Mittelman argues the U.S. is a middle power, no longer a global hegemon

The United States is no longer a superpower or global hegemon but a middle power, political economist Mittelman argues in a sweeping commentary that frames American influence as increasingly dependent on coercion rather than consent. Positioning his critique against both Trump-aligned voices who boast of unrivaled U.S.
hegemony and analysts such as Fareed Zakaria who lament its decline, Mittelman says both camps misunderstand what hegemony requires. Drawing on Antonio Gramsci, he defines hegemony as a blend of consent and coercion—one in which consent lowers the need for force.
As coercion predominates, he argues, hegemony dissipates. He characterizes the United States as a semi-democracy and asserts that the “imperial presidency” lacks a credible narrative.
Mittelman traces America’s ascendancy to the post–World War II order, when the United States helped architect institutions such as the World Bank and International Monetary Fund and later gave rise to the Washington Consensus of deregulation, liberalization and privatization.
In his view, those policies entrenched U.S. interests abroad but also fueled fragmentation and distrust at home. Turning to recent years, he criticizes what he calls decision-making by gut instinct and disregard for legal constraints, citing Donald Trump’s remark that the only limitation is “my own morality.

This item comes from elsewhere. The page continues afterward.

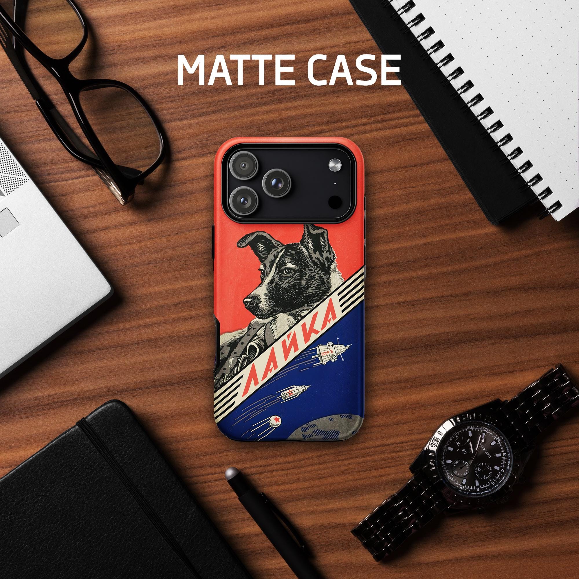 🚀 Laika / Лайка, USSR, 1958, Soviet vintage space poster — Tough Matte iPhone 17/16/15/14/12 case. Matte case. ⛔ HQ-quality.

My own mind.” He writes that the so‑called rules-based order, or “Pax Americana,” was declared dead at the 2026 World Economic Forum, and quotes Canada’s prime minister, Mark Carney, describing a “rupture.” Amid what he describes as preemptive military incursions, tariffs and mass deportations, Mittelman writes that Trump has continued to tout himself and campaign for the Nobel Peace Prize.
He contends the administration is ramping up brute coercion at home, pointing to alleged actions by immigration agents in Minnesota, and argues these measures signal political weakness, not strength. He says rising military budgets are crowding out spending on education, health care, culture and infrastructure.
Citing Stockholm International Peace Research Institute data from 2025, he notes the United States expended nearly $1 trillion on military outlays in 2024—37% of global military spending—and more than the next nine countries combined.
Owing to what he describes as wars on Venezuela and Iran, he writes that costs for munitions, veterans’ care and interest on the debt rose further; Harvard scholar Linda Bilmes, he adds, expects the conflict in Iran to cost U.S. taxpayers more than $1 trillion.
Mittelman places these trends alongside persistent poverty and inequality, citing U.S. census data, and notes that the number of billionaires increased by 50% from 2017 to 2025 while the corporate tax rate fell from 35% to 21%. He argues that coercive diplomacy, trade wars, digital falsehoods and threats have accelerated the collapse of American hegemony, compounded by democratic backsliding.
He cites the U.S. Liberal Democracy Index 2026 as showing the country fell from 20th to 51st among 179 countries in a single year and links that slide to middling rankings on happiness, inequality and trust. In sum, Mittelman maintains that a U.S. order once grounded in consent has given way to coercion at home and abroad, leaving the country not as a hegemon but as a middle power.